Re: [Usability] Efficient navigation in nautilus
- From: Christian Schneider <c schneider scram de>
- To: Kalle Vahlman <zuh luukku com>
- Cc: usability gnome org, tw stud uni-wuppertal de
- Subject: Re: [Usability] Efficient navigation in nautilus
- Date: Sun, 30 May 2004 23:14:48 +0200
What exactly do you mean by "navigate with the open folder". Do you
mean with the mouse or keyboard?
I mean that if you have a folder (/foo/bar) open and need to navigate down on that
path (to /foo/bar/baz/nilli), why on earth you should open the location dialog to
do it? At least that was what I understood you were doing...
It is one thing you should be able to do. It is usefull in a directory
with many subdirectories or if you are just faster with the keyboard
than the mouse. And of course you could also select a file this way.
I've always thought that moving my hand to the mouse from the
keyboard is something like "mildly annoying", but to say that the cursor
pad (a part of the keyboard, I presume) is too far to be usable...
Words escape me :)
Hehe I was just comparing to bash ... and bash is more effective here.
Of course. But I don't think nautilus needs to mimic bash in its behavior.
Use the real thing if you really want to navigate with typing the path
(which actually sounds like a silly thing to do in graphical environment
now that I think about it.)
Why do you think this is silly? For a novice user ease of use counts,
for a pro user speed counts.
So as we have it now the pro user can only switch to bash if he wants
speed. If he can type in the graphical
interface he doesnīt need to switch to bash in most cases. While I
absolutely think that gnome should be very user friendly and apealing to
novice users we should bever forget the pro users.
btw. I also canīt think of anyone who would need the tab key for
switching input elements inside the dialog.
-o/ Me!
Do you really use this? Tab is ok inside a larger dialog when no mouse
is at hand but when there is only an input field and cancel and ok
button the keys esc and enter do a much better job.
Well, as I have said, it should work the same way in every dialog to be
consitent. You can't have such widespread keys doing different things
in a similar context. You just can't, no matter how much it would help
one particular use-case.
In a dialog it would be problematic but in a panel applet I see not much
of a problem. The Tab key is not used there.
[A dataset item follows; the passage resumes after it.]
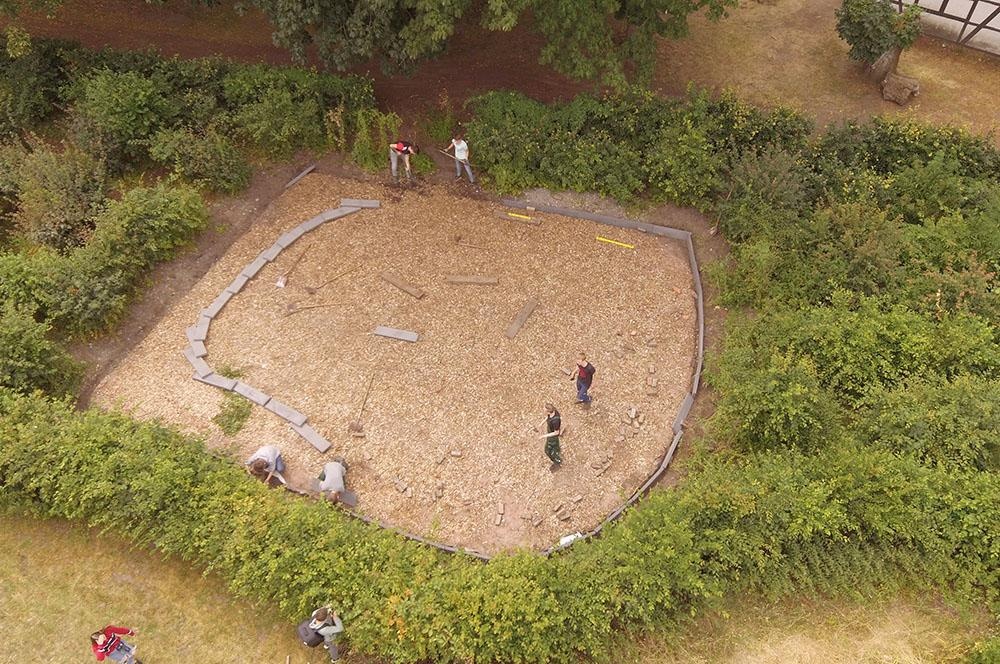 Ein Sinnesgarten soll an unserer Schule entstehen. Den Sinnesgarten im Blick können bei diesem Projekt dreidimensionale Werke (auch begeh- oder „besitz“-bar) entstehen, die nicht nur mit den Augen erfahrbar sind, sondern auch ertastet, gehört (oder vielleicht sogar gerochen) werden können. Verarbeitet werden natürliche Materialien und Fundstücke, die vor Ort gefunden werden. Diese werden dann angeordnet und zusammenmontiert. Nach einer ersten Einführung und Besprechung, der Besichtigung des Sinnesgartens und einer Ideenentwicklungsphase wird man auf die Suche nach geeigneten Materialien und Fundstücken gehen, die sich zum Bauen unserer Ideen eignen.

btw. I have one other idea for a keyboard shortcut in nautilus. What
about using something like Ctrl-t to open the userīs default terminal
app with the path set to the current folder.
<sarcasm>
...And lets adapt all the other "nifty" features from konquer!
</sarcasm>
I think we should not adapt features that crowd the interface. But
keyboard shortcuts donīt crowd it. A novice user will just not know
about the feature and it will not tamper with his experience of the
system. The only thing is that each shortcut takes away a key. So of
course we should not give any silly function a shortcut.
This is surely very
easy to implement and every admin will thank you ;-)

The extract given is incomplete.